Rode to the firestation...lots of chalk marking the cracks in the road and even a couple of "caution" signs. Hope they fix it before Wed, or at least sweep the road. Well, the pros can ride it fast regardless.

On a side note...my past three Quimby climbs have been consistent at 30s slower than my PR. I'm going to blame MTBing and the weather for not letting me get faster quicker! But my MTBing is getting better. Almost able to clear all sections on the Rocky Ridge climb at Santa Teresa (okay, I'm cheating and using a geared FS bike). Such a different type of climbing than the road!


----------



## Sagebum (Dec 9, 2001)

Along Hwy 89 on the switchbacks going up to Emerald Bay at Tahoe for Day 1.......it may be a long cold wet day.


----------



## coachstevo (Sep 11, 2009)

Sagebum said:


> Along Hwy 89 on the switchbacks going up to Emerald Bay at Tahoe for Day 1.......it may be a long cold wet day.
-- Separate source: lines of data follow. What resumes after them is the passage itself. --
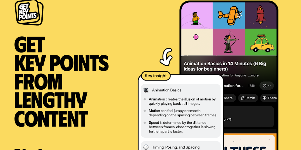 Instantly summarize and ask questions about saved articles and YouTube videos on your phone. Then save them to your knowledge hub to easily find them later.
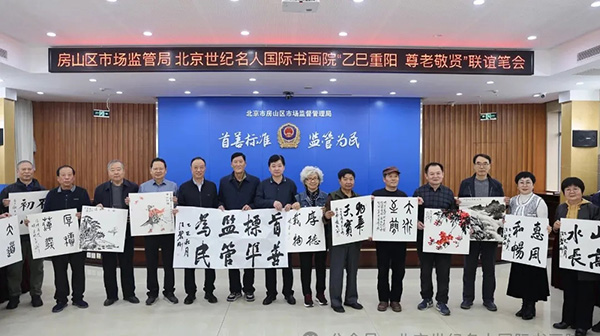 10月29日是2025年重阳节,北京世纪名人国际书画院组织首都书画家一行10人走进北京市房山区市场监督管理局,与该局联袂举办“乙巳重阳·尊老敬贤”书画联谊笔会,弘扬“尊老、敬老、爱老”的传统美德,以文化艺术传递节日温情,践行文化惠民初心,受到该局全体干群和退休老同志的欢迎。
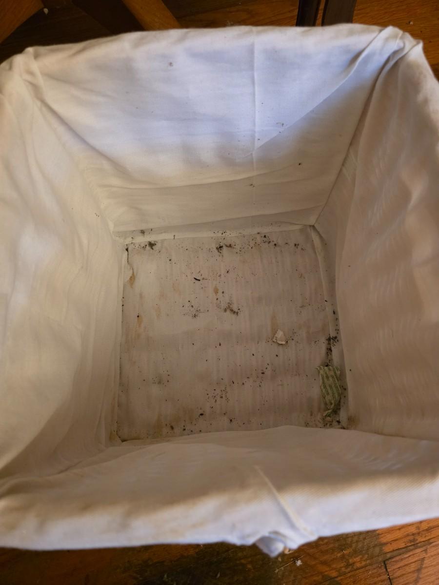 Fabric needs cleaned. One of them is 16 by 14 and 7 inches deep and the other is 13 by 13 and 10 inches deep
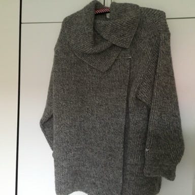 Grå sweater til kvinder i one size. Sweateren har et løst, poncholignende snit og et diskret mønster i strikken. Passer som overdel til hverdagsbrug og kan bæres over top eller bluse for ekstra varme.
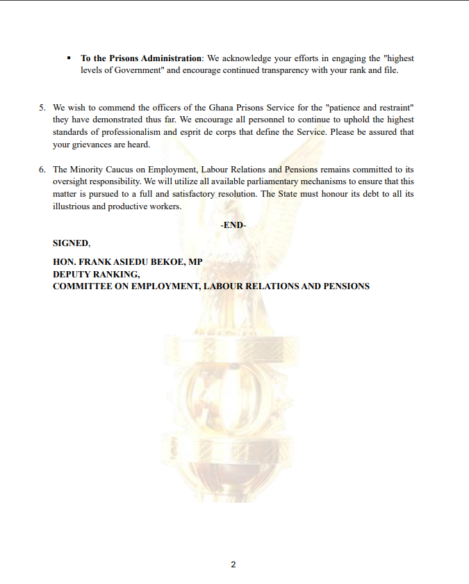 The Caucus commended personnel of the Ghana Prisons Service for what it described as patience and restraint, urging them to maintain professionalism as efforts are made to resolve the issue.
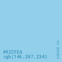 Цвет #92CFEA в цветовой модели RGB обозначается тремя октетами (146, 207, 234) в десятичном формате и #92CFEA в шестнадцатиричном (hex) формате, которые являются интенсивностью красного 146 (hex 92), интенсивность зелёного 207 (hex CF) и интенсивность синего 234 (hex EA).
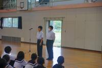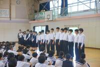 10月24日(金)、令和7年度宮崎県中学校秋季体育大会、駅伝競走大会へ出場する生徒の選手推戴式を行いました。秋季体育大会に出場するのは、陸上競技部と校外卓球クラブの生徒です。駅伝競走大会へは3年生を中心とした有志の生徒が出場します。それぞれ部活とクラブの代表者が、力強く抱負を述べてくれました。それぞれの選手が、西諸県地区の代表選手として頑張ってくれます。
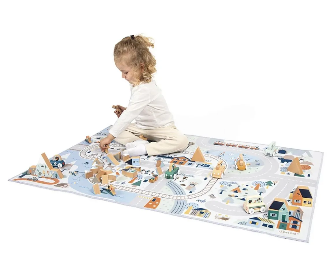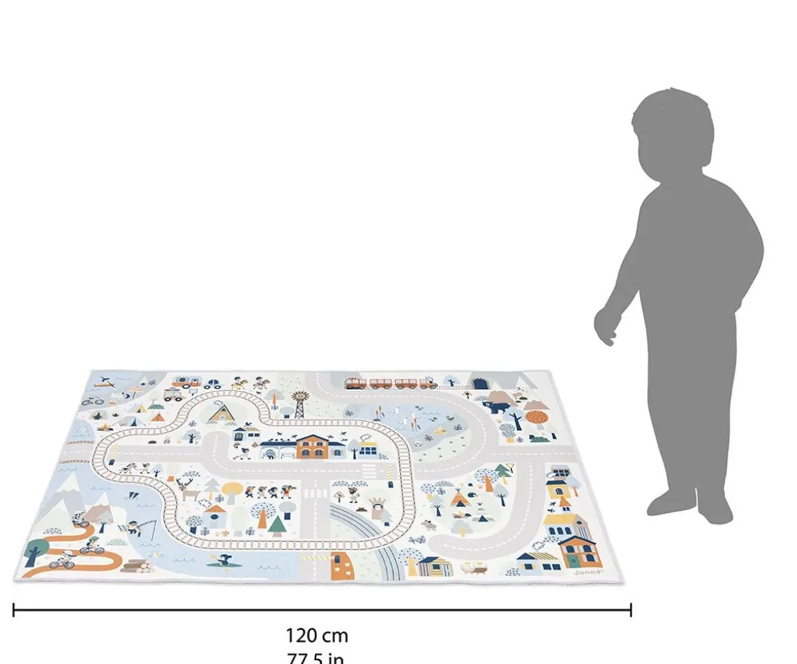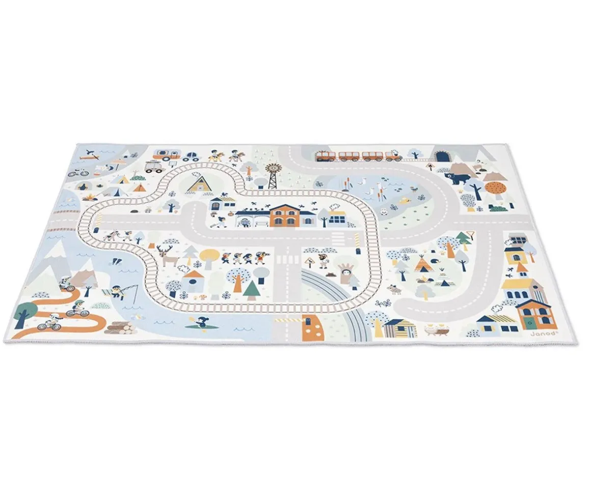 Las alfombras de juegos con circuito de la colección Cross Roads de Janod están repletas de carreteras, elementos divertidos como animales, casas y mucho más.

and snowy-- we've got almost 2" of snow on the deck here in Incline Village (at lake level)


----------



## ukbloke (Sep 1, 2007)

For today's wintery stage I think the best place to be is on the couch with a beer! Hopefully the sun will come out in Lake Tahoe this morning and dry up some of those roads.


----------



## ukbloke (Sep 1, 2007)

So they are planning to drop the first lap of Lake Tahoe, and now Stage 1 will be just the 1/2 lap on the west side plus the climb to NorthStar. The new start time is 1:15pm instead of 10:30am. But if the conditions don't improve enough, they'll cancel the stage altogether - confirmation by noon.


----------



## ukbloke (Sep 1, 2007)

Rider protest and ... stage 1 is officially cancelled.


----------



## makeitso (Sep 20, 2008)

I'm possibly going to try to make it out for the San Jose finish. But does anyone know where the buses and such are going to be after the stage? Sierra is awfully cramped for anything like that and I can't find the location off the website.


----------



## Innocent Criminal (Sep 24, 2005)

I'm in the area (Yuba City) with my wife who's a travel nurse and I'm thinking about going to see the tour come through. I've never been to a race, but I'm thinking it's probably gonna be pretty damn cool. Anyone know of a good spot to check things out for the second stage?


----------



## Retro Grouch (Apr 30, 2002)

I'll be on the top of the Ballard climb for the Friday Solvang ITT.


----------



## 32and3cross (Feb 28, 2005)

I will be in the Solvang TT Friday (the VIP version) the prolly watch the rest of the TT from a coffee shop nursing my legs.


----------



## masornia925 (Jan 14, 2011)

Innocent Criminal said:


> I'm in the area (Yuba City) with my wife who's a travel nurse and I'm thinking about going to see the tour come through. I've never been to a race, but I'm thinking it's probably gonna be pretty damn cool. Anyone know of a good spot to check things out for the second stage?


i'll be there, in sac that is for the finish which circles around the state capitol for what should be a good sprint finish!


----------



## ukbloke (Sep 1, 2007)

Innocent Criminal said:


> I'm in the area (Yuba City) with my wife who's a travel nurse and I'm thinking about going to see the tour come through. I've never been to a race, but I'm thinking it's probably gonna be pretty damn cool. Anyone know of a good spot to check things out for the second stage?


You could go see the start - now in Nevada City at 12:15 or, even better, go see the finish in Sacramento. Otherwise you can catch them on the road somewhere closer to you, but it is all flat so they are going to pass through in a flash.


----------